Karnataka’s budgetary allocation may have to undergo a major rejig to implement the poll promises made by the Congress and the Janata Dal (Secular), if either of them come to power after the May 10 Assembly elections.
With Karnataka’s revenue surplus Budget considered to be a “notional revenue surplus Budget”, implementing the schemes that are primarily revenue expenditure could result in revenue deficit, say those in the know. Similar schemes in neighbouring Telangana, Andhra Pradesh, and partially Tamil Nadu are being run through borrowings, sources in the government pointed out.
The initial estimate for the five “guarantees” announced by the Congress is expected to cost over ₹50,000 crore, and the 12 announcements of JD(S) is expected to cost the exchequer about ₹75,000 crore. While the Congress has said that these schemes are possible with better tax collection and rationalisation of expenditure, JD(S) sources said the schemes will be implemented through many State and Central government schemes along with improvement in tax collection.
The State Budget size for 2023-2024 presented by the BJP has been estimated to be ₹3.09 crore of which 26% comes through borrowings. Just about 18% of the total Budget has been earmarked for capital expenditure, and committed expenditure is high. In the committed expenditure, 22% is estimated to go for salaries and pension, it is going to go up substantially with the recommendations of the 7th Pay Commission expected to be implemented this year.
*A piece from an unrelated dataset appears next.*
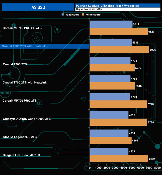 The AS SSD read score of 4936 sees the Crucial T705 with Heatsink in second place just above the T700 drive. That read figure may be the second fastest we've seen to date but the write score of 6996 is the fastest write score we've seen.
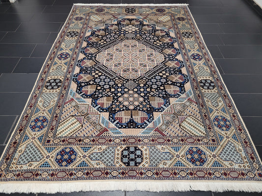 Nain Teppich Wolle mit Seide feine Knüpfung geometrisches Medaillon 310 × 200 cm

The subsidy bill is about 11% -13%. This goes towards power, food, and various other welfare schemes in the State that is estimated to be between ₹35,000 crore and ₹40,000 crore. About 9% or about ₹25,000 crore will be towards debt servicing.
With little room to manoeuvre, experts believe that the options before the government are limited - either increase revenue through higher taxation or curtail expenditure on existing schemes or fund the new promises through borrowings. Present government borrowings are at the rate between 7.5% and 8%.
However, though the size of new announcements is big, officials believe that space could be made to accommodate some of them through rationalisation of existing schemes that could bring down financial requirements.
“A lot of schemes are getting duplicated and these could be integrated. Many schemes have been announced as top-ups to existing State or Central government schemes. A lot of small schemes are being implemented by different departments which could be integrated and brought under an umbrella scheme,” said government sources.